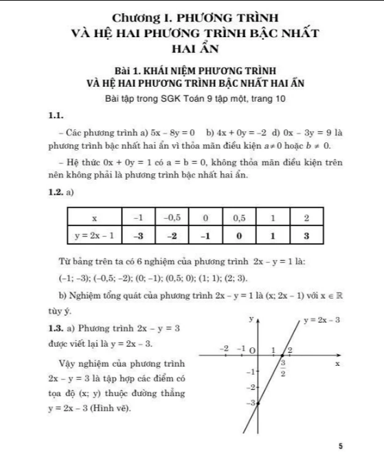 Toán lớp 9 Bài 1 Khái niệm phương trình và hệ hai PT bậc nhất hai ẩn - trang 5, 10 |Kết nối tri thức
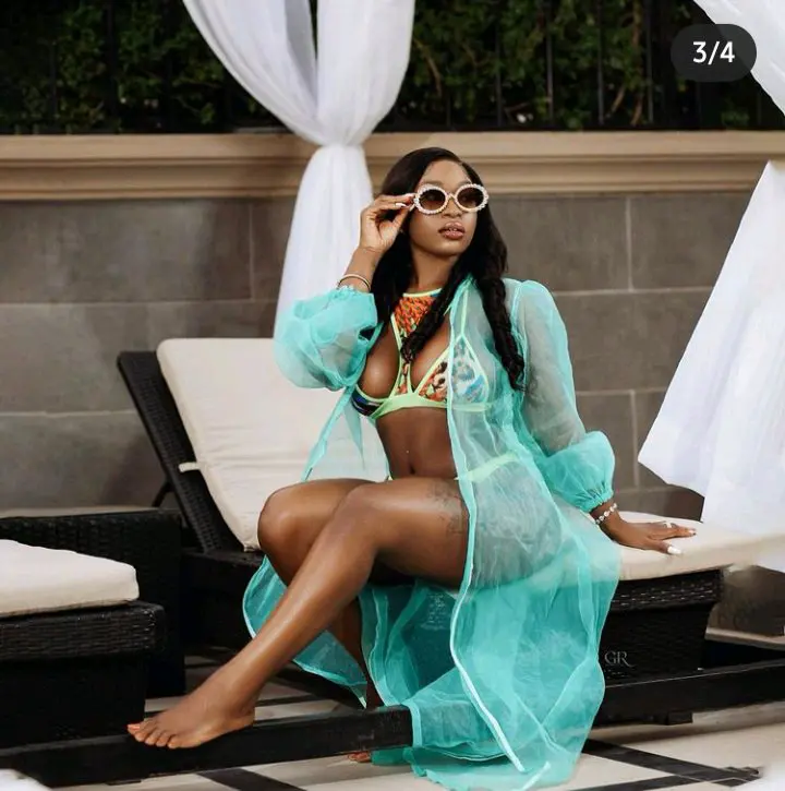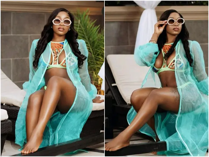 Big Brother Naija former housemate, Jackie Bent shared some eye-catching photos of herself looking stunning in a chic outfit recently. The reality TV star can be seen having a nice time while dressed up in a cute two-piece bikini and a see through robe
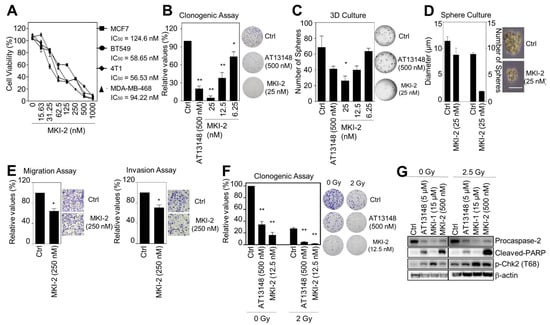 MASTL inhibition reduces the oncogenic properties and enhanced the radiosensitivity of breast cancer cells [12]. Thus, we next examined the antitumor activities of MKI-2 in breast cancer cells through various analyses, including cell viability, clonogenic, mammosphere formation, 3D culture, and invasion and migration assays. The results indicated that MKI-2 inhibited the proliferation of various breast cancer cells, including the human breast cancer MCF7, BT549, and MDA-MB468 cells and mouse breast cancer 4T1 cells with nM range efficacy (IC50 of MKI-2 was 56~124 nM, dependent on cancer cell lines) (Figure 4A). MKI-2 also clearly inhibited the colony and mammosphere formation of MCF7 cells with nM range efficacy (Figure 4B–D). Furthermore, MKI-2 inhibited the migration and invasion of BT549 cells (Figure 4E), indicating that MKI-2 can inhibit the oncogenic properties of breast cancer cells. Next, we found that MKI-2 decreased colony formation in MCF7 cells in response to irradiation (Figure 4F), with increased cleaved-PARP and phospho-Chk2 and decreased procaspase-2 (Figure 4G), which was more potent than AT13148 and MKI-1, suggesting that MKI-2 can enhance the radiosensitivity of breast cancer cells. Therefore, these results collectively suggested that MKI-2 has potent antitumor activities in breast cancer cells.
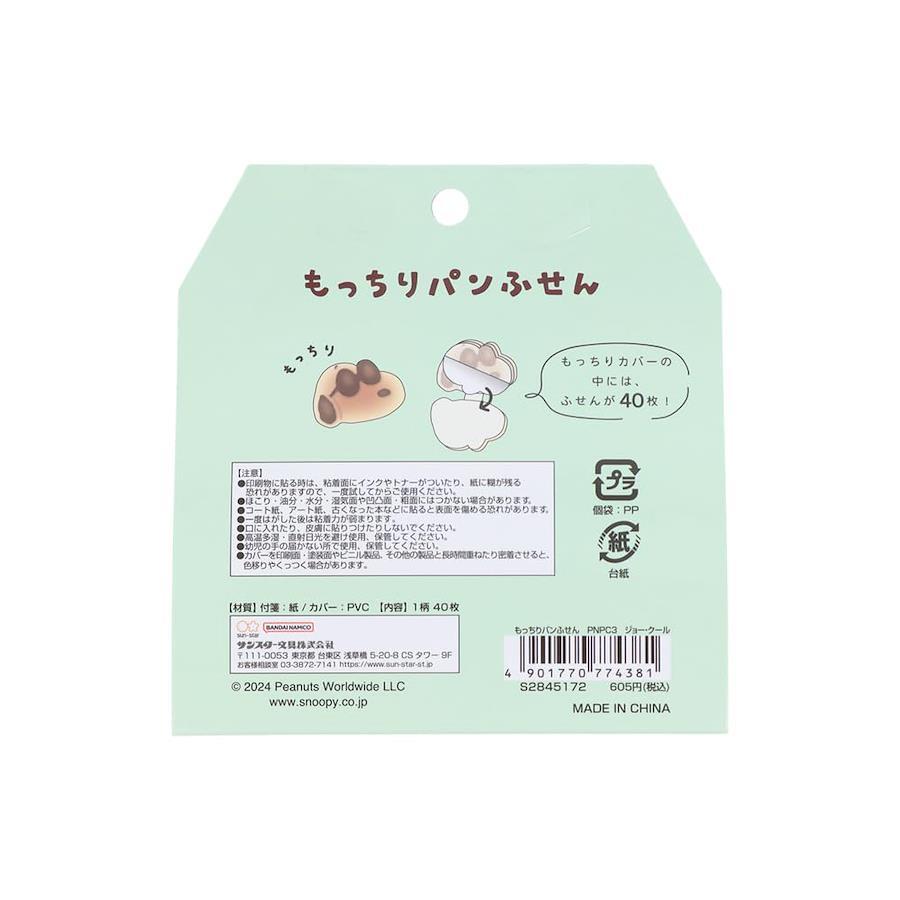 スヌーピーの文具雑貨シリーズ!もっちりパンふせんもっちりふわふわしたカバーがついたスヌーピーのダイカット付箋こんがり焼けたパン風デザインの付箋パッケージに入った姿はまるで本物のパンみたい![もっちりパンふせん]シリーズにスヌーピーデザインが登場!
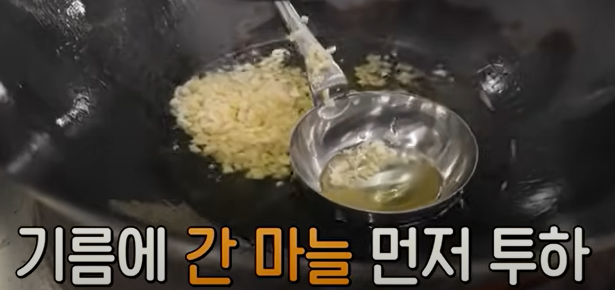 6.소스 준비: 팬에 식용유를 두르고 중 약불에 간 마늘을 먼저 넣어 향이 나도록 볶아줍니다.

▶ What you need to do:
Omit every picture, and please return the entries exactly from the first line through the line with "Big Brother Naija", both included.

▶ The completed task:
 Toán lớp 9 Bài 1 Khái niệm phương trình và hệ hai PT bậc nhất hai ẩn - trang 5, 10 |Kết nối tri thức
 Big Brother Naija former housemate, Jackie Bent shared some eye-catching photos of herself looking stunning in a chic outfit recently. The reality TV star can be seen having a nice time while dressed up in a cute two-piece bikini and a see through robe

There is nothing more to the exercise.